Deb! So glad to hear from you! I have thought of you often, Congrats on 50lbs! Must feel so nice to do something for you!
Do you have any contact with (or do you want any contact with) your step kids? After all you gave that relationship, its so hard to hear that exDH was so mean and selfish. He has no idea what he lost.
I hope you do find that perfect job, but take time for you and for the healing you so deserve! KUP!

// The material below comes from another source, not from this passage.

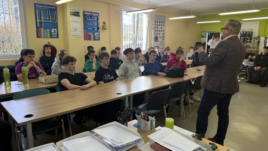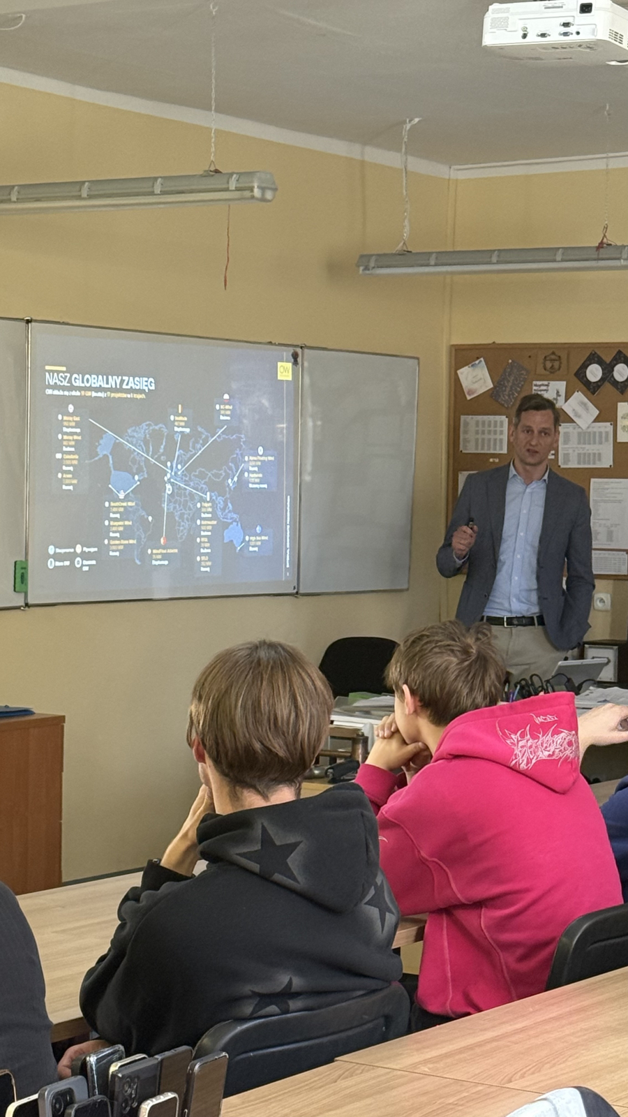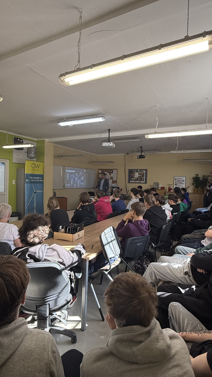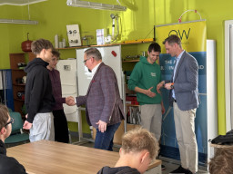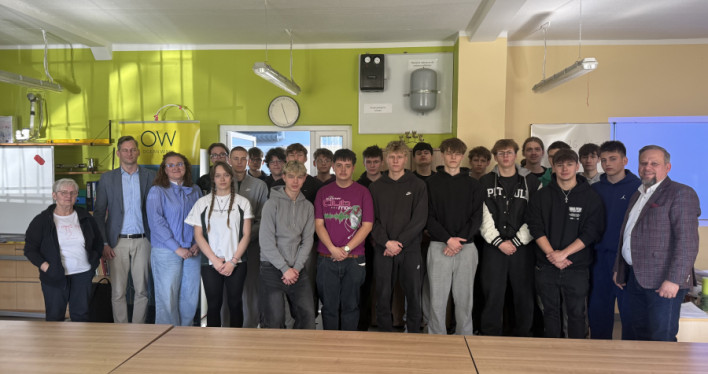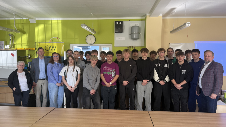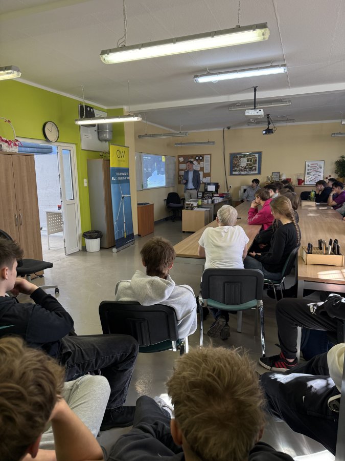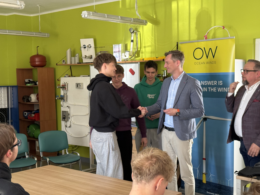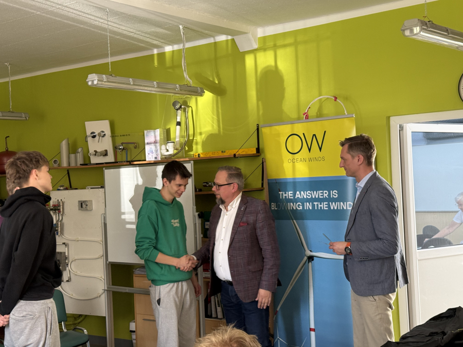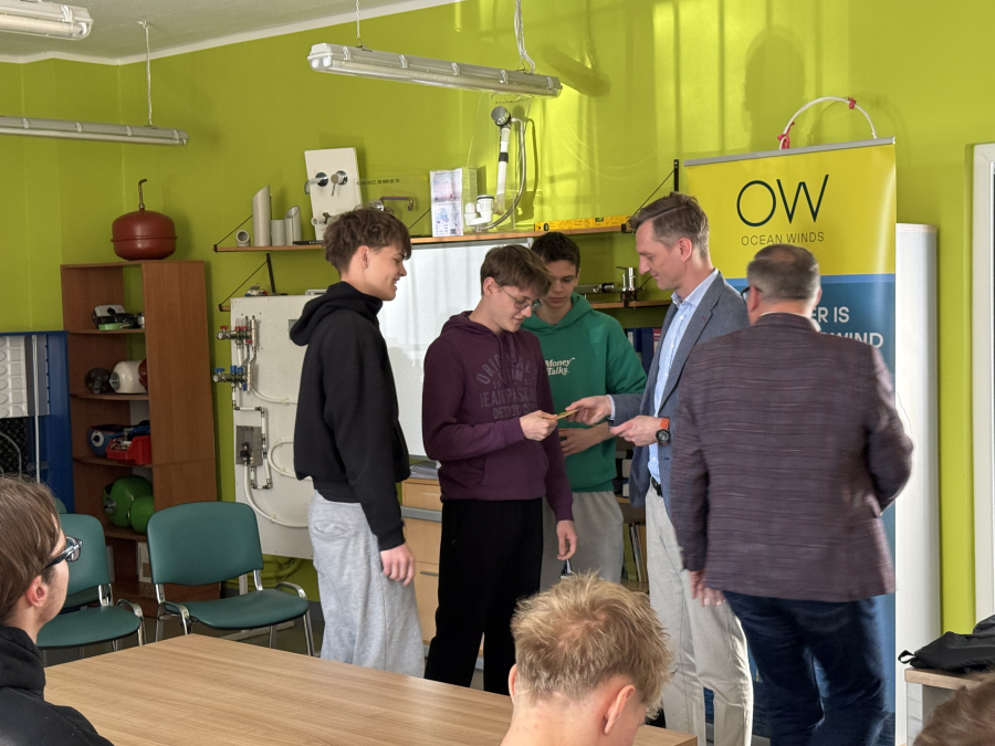 Uczniowie klasy 4E (technik urządzeń i systemów energetyki odnawialnej) odebrali dziś certyfikaty z rąk Pana Prezesa Ocean Winds -Kacpra Kostrzewy. Przez ponad dwa lata młodzież cyklicznie uczestniczyła w serii szkoleń prowadzonych przez Pana Krzysztofa Tomaszewskiego. Tematem były morskie siłownie wiatrowe, od etapu projektu, prognozowania, oceny środowiskowej, pomiarów warunków wietrzności, oceny finansowej, poprzez planowanie inwestycji, dobór urządzeń i elementów sieci dystrybucji, poprzez łańcuchy przesyłu energii. Nasi przyszli monterzy i serwisanci poszerzyli wiedzę o metodach montażu turbin wiatrowych na morzu, typach fundamentów, roli trachostacji, materiałach i komponentach niezbędnych do postawienia morskich siłowni wiatrowych. Analizowali parametry pracy tego systemu i wielkość produkcji energii, która może odciążyć polski system energetyczny. Dzięki projektowi Kariera z wiatrem pojawiły się nowe możliwości rozwoju zawodowego, propozycje stażów zawodowych i perspektywa wyboru ścieżki zawoodwej w tej dziedzinie.

Oh my goodness!! It is so nice to hear from you. I have missed hearing what you are up too. Wow 50 lbs! Way to go. What an accomplishment. You are an amazing soul and my prayers going out for you often. You never know where life will take you. Please kup on how you are doing and what you are up too.
Hi Deb. I haven't been on here in forever, but wanted to check in on you. I'm so sorry for what you've gone through. Unbelievable. I wish you the best and if I can be of any encouragement to you, please just ask. Hope you're hanging on with your local cong and getting help. Hugs!!!!!!
Hi Internet universe I see this forum isn't very popular anymore but feel the need to post today. I don't come to this site anymore than once/twice per year. Today is the anniversary of my babies EDD. I went thru a major depression one year ago in the months approaching my 40 birthday. To me that age felt like the last nail on the coffin of my chances for having my own child grow in my womb. I also had a friend/ex call me to say he was expecting his first with a woman he was madly in love with but he had to beg her to marry him as she often said I don't want to be with u.. Yet he's with her less than a few months and guess what she gets.... That call instantly thru me into a mental tailspin. I went into a very dark hole for about 6 months.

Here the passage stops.